Because we get social approval for all these social masks we put on it can be very hard to show people what we actually are or what we actually believe in and value, because we repress what we actually are we think we're our social masks. But you're not your identity.

The biggest problem people seem to think is that they think they're their ego. They're not. You have many egocentric biases that try to trick you into thinking you are.

I dislike the word "You" in English. It's probably just as bad as the word "Is", but nevertheless I am forced to use it. The reason why I dislike "You" is because if you think about it, it really doesn't make sense in the way we use it.

"You're this, You're that, You're this, You're that, You're this, You're that!"

It can be very positive or very negative, but the mistake you're going to make is you're going to think you're your ego.

And, of course, any criticism of the belief or the mask is an attack on the person itself. We conflate our masks with ourselves.

We like to think by having certain masks or identities will make our ego feel more complete.

  • "If I have this relationship!"
  • "If I have this social media!"
  • "If I have these friends!"
  • "If I have this amount of money!"
  • "If I have this job!"

Other identifications, attachments, and concepts can fight with each other to make sure your ego feels ok. Since your "I" identifies with a thought, that thought turns it into an identity. If you try to stop identifying with a thought you will only keep identifying with it. The harder you try to repress a thought the more you struggle. Like quicksand. If you repress your ego and you try to deny it the ability to have an identity well that is like trying to pretend the quick sand isn't there. The only thing you can do is observe your thoughts, see them for what they truly are, accept them, and slowly identify with other thoughts.

You're not your identity. You identify with things, but you're really not any of those things. It can be hard to wrap your head around this and the ego is going to quickly make sure you forget that.
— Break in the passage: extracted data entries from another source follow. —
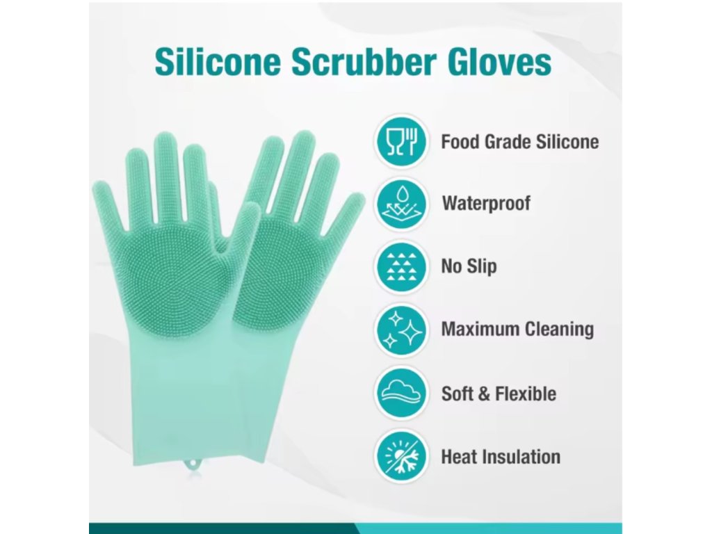 Vynikající rukavice pro mytí nádobí jsou vyrobeny z prémiového, ekologického silikonu, který zajišťuje odolnost a flexibilitu. Silikonový materiál se snadno oplachuje a rychle schne, čímž poskytuje čistší a hygieničtější alternativu k tradičním čistícím hadříkům.
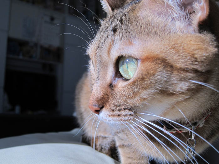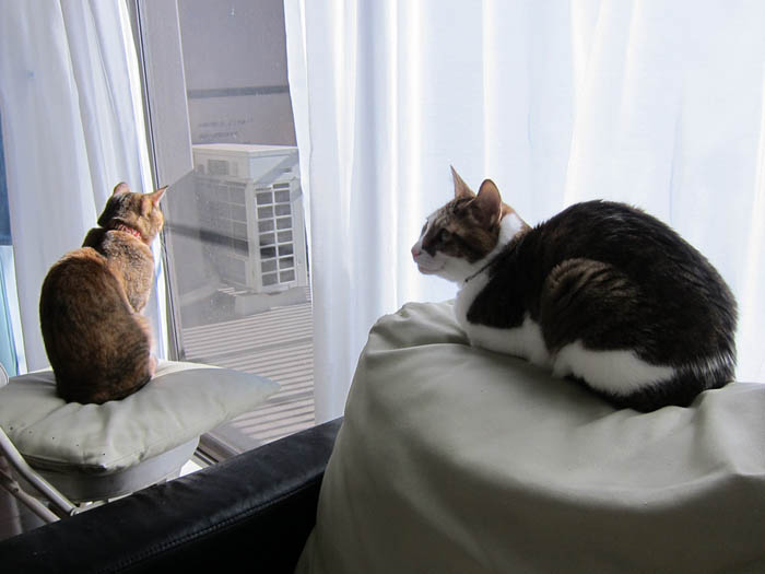 2010年 1/19(火) 521日目のぴっち♀とぽっけ♂ ~日向と日陰と~新規写真追加。それぞれお気に入りの場所でお昼寝したり、窓で外をじっと見たりする2匹。
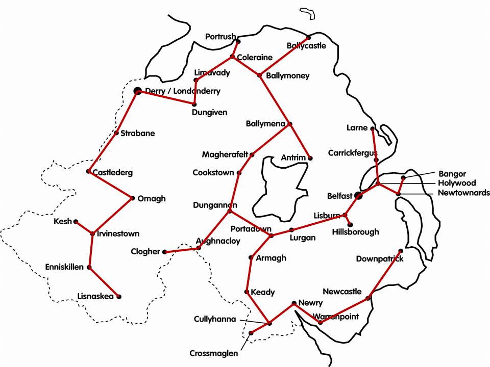 1. Vulnerability.  The system is hopelessly susceptible to failure.  An impassible problem, such as an accident or roadworks, between Cookstown and Dungannon, say, completely divides the country in two.  There are no alternative routes, no back-up links.  It won’t be just those two towns that suffer; the whole of the northwest will be cut off from the whole of the southwest.
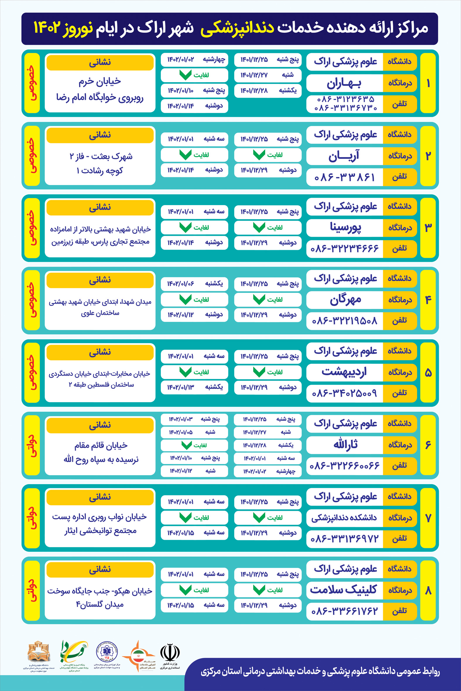 مراکز ارائه دهنده خدمات دندانپزشکی شهر اراک در ایام نوروز ۱۴۰۲ تعداد بازدید:۹۲۰ ارسال به دیگران نام شما ایمیل شما ایمیل دریافتکننده ارسال انصراف
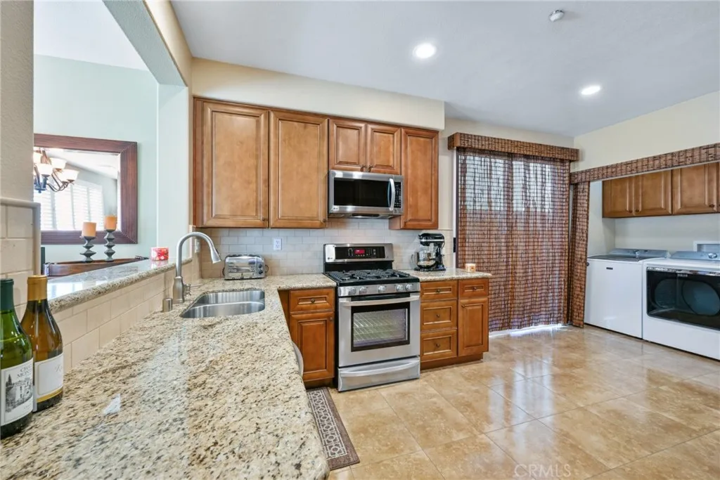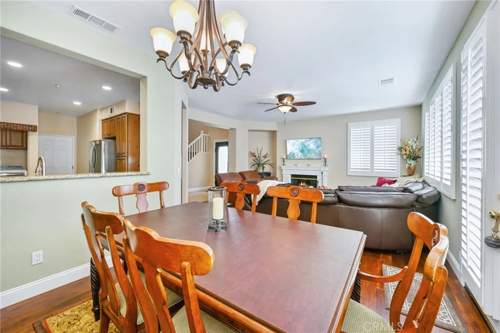 Discover a beautifully upgraded home in the prestigious gated community of Fairways at Alta Vista. This spacious 3-bedroom, 2.5-bathroom residence offers 1,750 square feet of living space with a large bonus room and a peek-a-boo golf course view. Step through a spectacular custom iron door with a glass partition panel into a world of elegance and comfort. The living room, adorned with hardwood floors, a gas fireplace with a mantle, and plantation shutters, invites you to relax and unwind. The dining room, with its chandelier and door to the backyard, offers a perfect space for entertaining guests. As you explore further, you'll find a gourmet kitchen equipped with a modern flair, including granite countertops, a subway tile backsplash, a stainless steel sink, stainless LG appliances, and an adjacent inside laundry room. The spacious bonus room, with its peek-a-boo golf course view, carpet, cathedral ceilings, ceiling fan, and plantation shutters, offers a versatile space for relaxation or entertainment. The primary suite, with its luxurious en-suite bathroom, is a true retreat. The bathroom features a dual vanity with granite countertops, tile floors, a tile shower with a mosaic inlay, a bench seat and large glass doors, and a mirrored walk- in closet. The bedroom itself boasts cathedral ceilings with a ceiling fan. Two additional bedrooms offer carpeted floors, ceiling fans, mirrored wardrobe closet doors, and custom shutters. The hallway features a built-in linen closet and a Nest thermostat. The shared hall bathroom features tile floors, a tub/shower combo with tile inla

Instead of thinking "You're this" or "You're that" instead this "You're playing this character" or "You're playing that character." But what happens when "this" or "that" goes away? The identity you played?
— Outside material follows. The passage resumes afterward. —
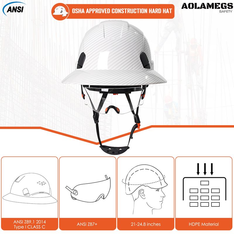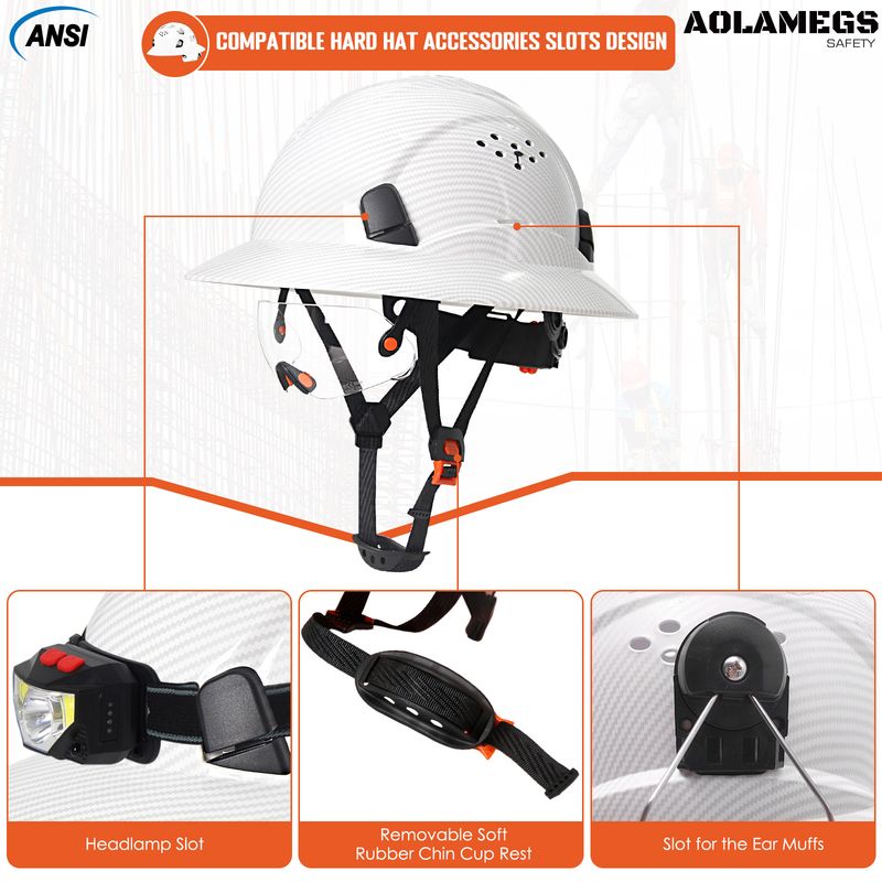 CE Carbon Fiber Full Brim Safety Helmets with Goggles Anti-Collision Construction Hard Hat ANSI Engineer Breathable Work Cap
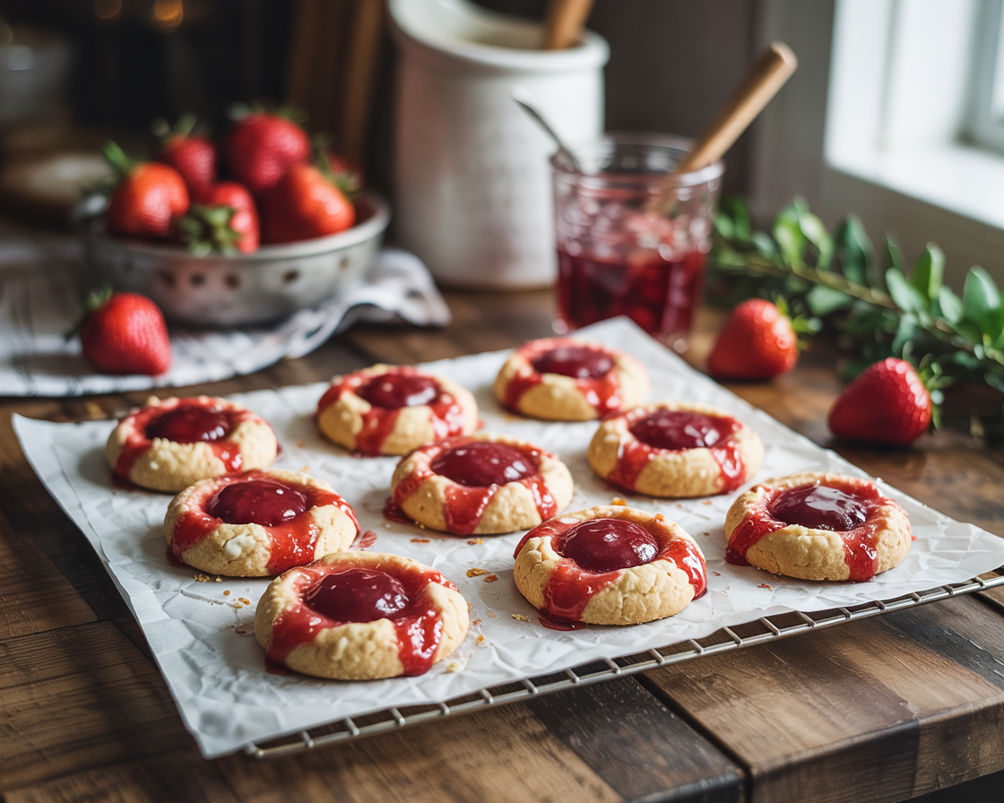 These strawberry thumbprint cookies are the kind of treat you bake when you want something cute but not stressful. The dough comes together easily, the shaping is fun, and the jam-filled centers make every cookie look bakery-worthy without any fancy tools.

The ego is very judgemental. Your brain is built with millions of different implicit biases, ready to take hold and strike at its hearts content. You don't notice the million quick snap judgments your brain is making about people every second. All these stereotypes, generalizations, and biases. These are most likely not true, but we often assume they are. Your brain will not care. It will happily make those emotional biases it if has to survive. And you can't suppress these judgements either. The harder you try, the more they will appear. It will oversimplify people (who are really complex in general) with basic simple labels. Basic simple identifications. I hate it when my brain does this because I know people are complicated and complex. I know there are so many things under the surface than a simple bullshit label. And I feel terrible when I do it.

It's time to take those masks off and realize that the persona and the identity is just something you created. You made it up. It's something that we all just made up. But it can be fun to play with, for at least, a little while.